Chiu’s lament is an undeniably political piece, although entirely truthful in its picture of a population buffeted by ruling powers which have never had Hong Kong’s best interests at heart. No 1. Chung Ying Street currently doesn’t have local distribution; should it secure any, it is certainly set to out-perform the more abrasive Ten Years, to which it will be compared. As the Hong Kong film business struggles, both this and last year’s Our Time Will Come, by Ann Hui, show how the territory’s creative minds are preoccupied by the past and how it plays on an uncertain present. Outside Hong Kong and Southeast Asia, it should continue to play select festivals and although general audiences may struggle with the context of the plot, not helped by time jumps, this is a genuinely moving film.

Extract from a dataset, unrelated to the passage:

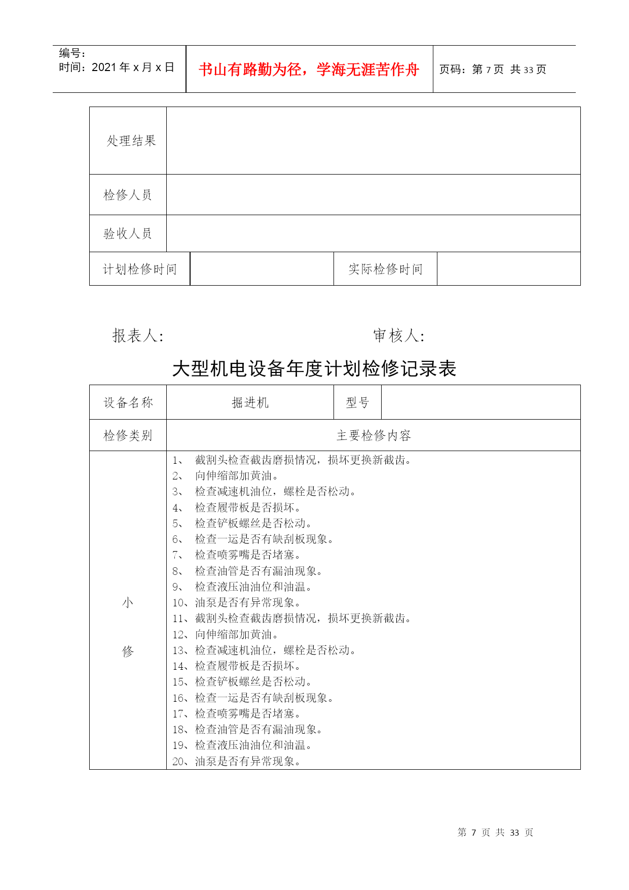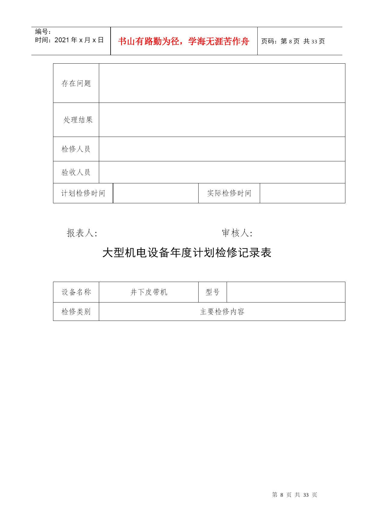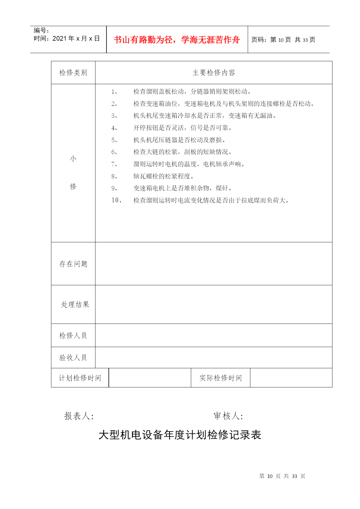 编号:时间:2021年x月x日书山有路勤为径,学海无涯苦作舟页码:第PAGE33页共NUMPAGES33页第PAGE\*MERGEFORMAT33页共NUMPAGES\*MERGEFORMAT33页大型机电设备年度计划检修记录表设备名称主扇风机型号FBCDZNo.16-2X132KW检修类别主要检修内容小修紧固件是否齐全轴承温度、风机绕组温度、负压值、电压值、电流值、振幅等数据各润滑部位润滑油量是否合适,有无漏油现象各风门是否严密风机蝶阀是否灵活可靠通风机有无强烈振动,声音是否正常检查防爆井盖是否严密,发现漏风时及时处理。观察水柱表、电流表、电压表、功率表、等仪表是否指示正常存在问题通风机有强烈振动,声音是异常处理结果紧固通风机外壳螺栓,加强润滑检修人员李玉超张苗林赵鹏鹏王国栋验收人员杨旭彪李玉超计划检修时间2012年10月29日-30日实际检修时间2012年10月29日-30日报表人:陈文凯审核人:大型机电设备年度计划检修记录表设备名称空压机型号检修类别主要检修内容小修检查压缩机出口压力、主机喷油压力是否符合要求检查油分离器压差、空气过滤器压差是否符合要求检查1#主机出口温度、2#主机出口温度、风包温度是否符合要求对空压机的整体卫生进行清扫。检查储气罐的安全阀,发现损坏时及时更换。检查空压机电流、电压仪表指示是否准确。检查空压机的油气分离器油位是否符合要求检查空压机在加载过程中是否排放冷凝水存在问题处理结果检修人员验收人员计划检修时间实际检修时间报表人:审核人:大型机电设备年度计划检修记录表设备名称主皮带型号DTL80/402X75KW检修类别主要检修内容小修检查主皮带控制室微机显示屏上的电压值、电流值、及各滚筒轴承温度、电机轴承的温度是否正常,是否有异常变化。检查减速器、制动器油位是否正常,是否漏油,油少时及时补加,漏油时及时处理对主皮带机控制室、减速器的卫生进行清扫检查胶带是否有破损,发现破损处要向负责人汇报并及时进行标记,以便周检时进行胶带的硫化检查主皮带机的装载处、卸载处及皮带架是否有大矸块、大物件刮卡检查主皮带机的皮带机地脚螺栓、各连接部位螺栓及其他紧固件是否有松动现象检查主皮带机的各类防护罩、防护栅栏是否有失效、损坏现象对皮带机的各类保护进行检查对皮带机直辊及三节托辊进行检查存在问题主皮带机的皮带机地脚螺栓、各连接部位螺栓及其他紧固件是有松动现象处理结果紧固检修人员崔慧东郭和平樊艳伟崔丁丁验收人员刘旭建刘国仙计划检修时间2012年10月25日-26日实际检修时间2012年10月25日-26日报表人:陈文凯审核人:大型机电设备年度计划检修记录表设备名称提升绞车型号JX2x1.5检修类别主要检修内容小修各紧固螺栓不得松动,联接件应齐全牢固减速器的温度,声音有无异常,油位是否适当,有无漏油联轴器间隙应符合规定,防护罩应可靠液压站油液量适当,不漏油,液压管路完好可靠检查离合器油缸的盘式制动器是否漏油检查信号系统是否正常,声光和警铃都必须灵敏可靠检查钢丝绳的排列情况及衬板,绳槽的磨损情况操作台上按钮是否灵活可靠,电流表、电压表、油压表、速度表等各仪表的指示是否正常深度指示器指针是否正常各运转部位有无异响,异震检查滚筒焊缝是否开裂,闸瓦磨损是否超过2mm,制动盘与闸瓦是否有油污检查配电柜的接触器、继电器动作是否可靠存在问题(1)紧固螺栓松动,联接件不牢固。(2)液压站漏油,液压管路有破口。处理结果(1)紧固紧固螺栓,加固连接件。(2)液压站换油,更换液压管路。检修人员刘旭建刘国仙王玲则验收人员张军宏李钢计划检修时间2012年10月27日-28日实际检修时间2012年10月27日-28日报表人:陈文凯审核人:大型机电设备年度计划检修记录表设备名称井下主水泵型号检修类别主要检修内容小修检查主水泵房是否有杂物,若有及时清理检查主水泵房各控制开关是否有煤尘,是否有失爆现象存在检查各阀门是否灵活、可靠检查水泵全部螺栓、管路及引线的连接是否紧固检查压力表、真空表指示是否正确检查各轴承部位的温度是否超限,润滑状况是否良好,声音是否正常检查盘根松紧程度检查电动机、水泵是否有异状、异响、异震泵体、电动机、环形管路及阀门防腐良好引水装置和备用引水装置可靠完好存在问题处理结果检修人员验收人员计划检修时间实际检修时间报表人:审核人:大型机电设备年度计划检修记录表设备名称采煤机型号检修类别主要检修内容小修1、采煤机外观卫生清理,有无影响机器散热、运行的杂物。2、各种信号、仪表情况,确保信号清晰,仪表指示灵敏可靠。3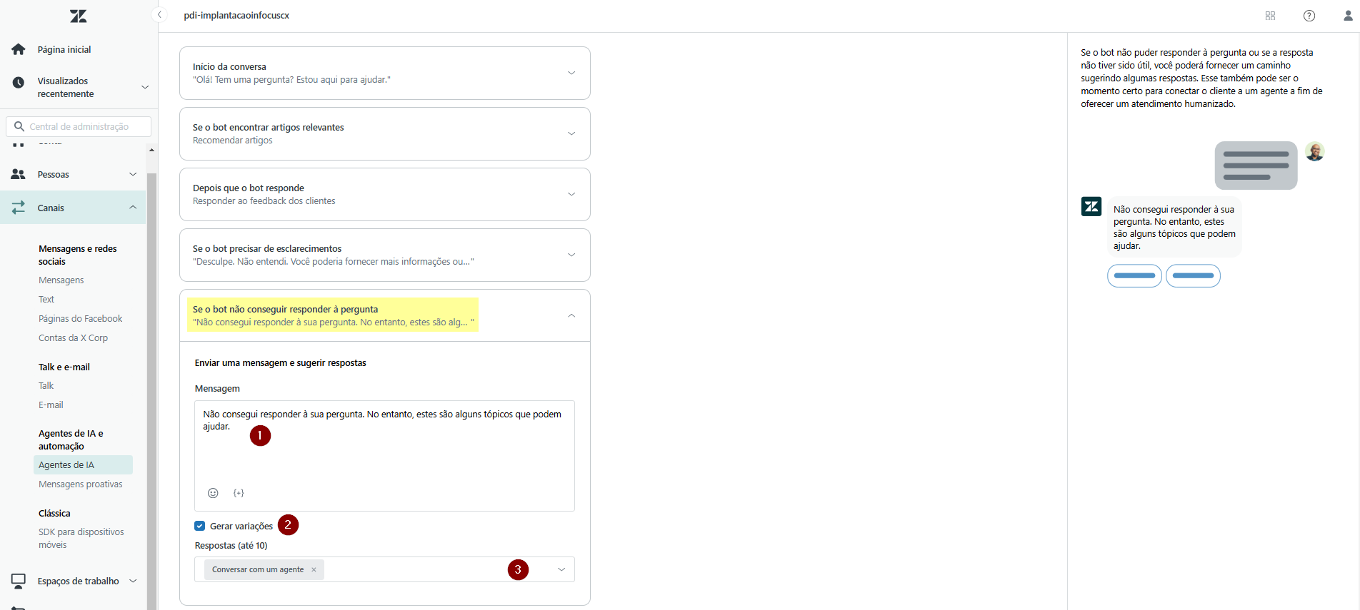 13) No bloco Se o bot não conseguir responder à pergunta, defina a mensagem (1) quando o bot não encontrar informações sobre a dúvida do cliente. Para mensagem com conteúdo dinâmico, ative Gerar variações (2). Caso desejado, configure até 10 opções de respostas (3) para exibição ao cliente.

Set in the leafy “frontier” village of Sha Tau Kok, No 1. Chung Ying Street revisits the largely-forgotten riots of 1967 in British-administered Hong Kong, a time when China agitated for a return to the “homeland” and students, in particular, responded. Bombs were laid, 51 people were killed and almost 2,000 arrested at a time when the Cold War was at its height and tensions were red-hot. In a way, that time dwarfed the Umbrella Movement of 2014, when the territory came to a standstill as descendants of the original protesters agitated for a future after the British packed up in 1997, leaving behind a rackety “Joint Declaration” and an even wobblier concept of “one country two systems”.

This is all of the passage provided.